● Problem to solve: Locate the string "green" in the records below. Copy every line where it occurs.

[Saved data entries]
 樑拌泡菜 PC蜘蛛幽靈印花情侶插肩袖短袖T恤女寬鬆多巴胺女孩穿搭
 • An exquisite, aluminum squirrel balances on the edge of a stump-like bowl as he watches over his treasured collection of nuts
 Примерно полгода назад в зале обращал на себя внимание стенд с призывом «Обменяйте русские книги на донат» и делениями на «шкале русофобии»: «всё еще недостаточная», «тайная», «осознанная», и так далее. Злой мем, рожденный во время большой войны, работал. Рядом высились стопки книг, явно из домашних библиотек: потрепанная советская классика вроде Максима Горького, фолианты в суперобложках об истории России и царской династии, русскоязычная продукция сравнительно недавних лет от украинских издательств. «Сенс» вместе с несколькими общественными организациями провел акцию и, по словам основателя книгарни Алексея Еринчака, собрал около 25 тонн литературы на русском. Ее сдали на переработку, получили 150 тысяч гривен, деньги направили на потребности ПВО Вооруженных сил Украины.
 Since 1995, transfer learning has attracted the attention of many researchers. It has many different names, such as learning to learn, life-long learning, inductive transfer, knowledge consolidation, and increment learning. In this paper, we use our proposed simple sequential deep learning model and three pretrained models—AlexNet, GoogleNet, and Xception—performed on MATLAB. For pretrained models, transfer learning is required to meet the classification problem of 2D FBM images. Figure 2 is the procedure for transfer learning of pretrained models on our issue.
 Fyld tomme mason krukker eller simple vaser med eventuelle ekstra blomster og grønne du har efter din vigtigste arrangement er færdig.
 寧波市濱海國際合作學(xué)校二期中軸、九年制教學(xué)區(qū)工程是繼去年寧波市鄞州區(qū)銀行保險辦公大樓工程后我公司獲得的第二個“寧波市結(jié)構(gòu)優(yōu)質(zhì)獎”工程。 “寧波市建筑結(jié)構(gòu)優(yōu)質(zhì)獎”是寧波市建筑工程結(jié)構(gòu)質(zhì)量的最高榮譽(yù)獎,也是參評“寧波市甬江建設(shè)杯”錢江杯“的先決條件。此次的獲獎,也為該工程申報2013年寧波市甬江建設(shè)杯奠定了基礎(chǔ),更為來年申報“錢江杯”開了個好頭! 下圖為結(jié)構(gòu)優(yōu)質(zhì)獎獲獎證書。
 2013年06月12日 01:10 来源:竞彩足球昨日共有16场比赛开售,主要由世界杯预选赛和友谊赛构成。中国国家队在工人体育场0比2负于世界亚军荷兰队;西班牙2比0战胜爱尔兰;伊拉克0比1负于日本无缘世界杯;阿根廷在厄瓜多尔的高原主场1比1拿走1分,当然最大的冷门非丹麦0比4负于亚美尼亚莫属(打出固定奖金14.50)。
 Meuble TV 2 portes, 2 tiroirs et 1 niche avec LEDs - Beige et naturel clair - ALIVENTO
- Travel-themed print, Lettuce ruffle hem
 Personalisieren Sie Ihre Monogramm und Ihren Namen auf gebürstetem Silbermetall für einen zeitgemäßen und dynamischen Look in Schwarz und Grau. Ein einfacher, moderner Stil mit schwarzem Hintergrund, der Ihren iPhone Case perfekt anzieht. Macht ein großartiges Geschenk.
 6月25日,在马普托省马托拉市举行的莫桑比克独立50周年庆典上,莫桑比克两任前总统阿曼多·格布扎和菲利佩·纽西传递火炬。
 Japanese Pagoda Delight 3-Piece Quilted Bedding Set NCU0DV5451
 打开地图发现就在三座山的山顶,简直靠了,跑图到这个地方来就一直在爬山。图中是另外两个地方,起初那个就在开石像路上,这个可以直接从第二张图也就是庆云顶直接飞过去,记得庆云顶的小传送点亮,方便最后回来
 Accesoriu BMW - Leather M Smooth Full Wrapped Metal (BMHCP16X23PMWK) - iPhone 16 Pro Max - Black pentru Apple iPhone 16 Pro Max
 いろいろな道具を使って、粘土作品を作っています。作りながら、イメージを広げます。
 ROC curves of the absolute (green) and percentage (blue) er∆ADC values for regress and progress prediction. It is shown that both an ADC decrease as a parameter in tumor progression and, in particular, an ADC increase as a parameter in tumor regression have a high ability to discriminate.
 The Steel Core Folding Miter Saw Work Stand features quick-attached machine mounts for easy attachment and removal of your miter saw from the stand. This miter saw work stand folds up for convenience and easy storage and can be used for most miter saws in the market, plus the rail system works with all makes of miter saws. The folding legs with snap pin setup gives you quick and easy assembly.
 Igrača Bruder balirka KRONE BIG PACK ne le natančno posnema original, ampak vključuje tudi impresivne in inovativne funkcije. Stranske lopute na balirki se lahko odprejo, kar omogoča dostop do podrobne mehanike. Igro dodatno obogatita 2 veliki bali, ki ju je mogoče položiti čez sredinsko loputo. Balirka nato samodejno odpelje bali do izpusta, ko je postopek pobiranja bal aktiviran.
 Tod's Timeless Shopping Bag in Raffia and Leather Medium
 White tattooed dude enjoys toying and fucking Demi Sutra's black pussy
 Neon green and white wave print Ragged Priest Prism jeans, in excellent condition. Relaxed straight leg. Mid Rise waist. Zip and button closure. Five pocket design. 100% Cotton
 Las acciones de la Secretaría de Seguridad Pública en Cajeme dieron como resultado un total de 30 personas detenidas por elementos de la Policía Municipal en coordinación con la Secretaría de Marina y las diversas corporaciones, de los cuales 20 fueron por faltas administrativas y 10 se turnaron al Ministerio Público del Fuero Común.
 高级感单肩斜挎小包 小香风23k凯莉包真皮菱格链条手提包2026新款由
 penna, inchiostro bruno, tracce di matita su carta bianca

● Task response:
 ROC curves of the absolute (green) and percentage (blue) er∆ADC values for regress and progress prediction. It is shown that both an ADC decrease as a parameter in tumor progression and, in particular, an ADC increase as a parameter in tumor regression have a high ability to discriminate.
 Neon green and white wave print Ragged Priest Prism jeans, in excellent condition. Relaxed straight leg. Mid Rise waist. Zip and button closure. Five pocket design. 100% Cotton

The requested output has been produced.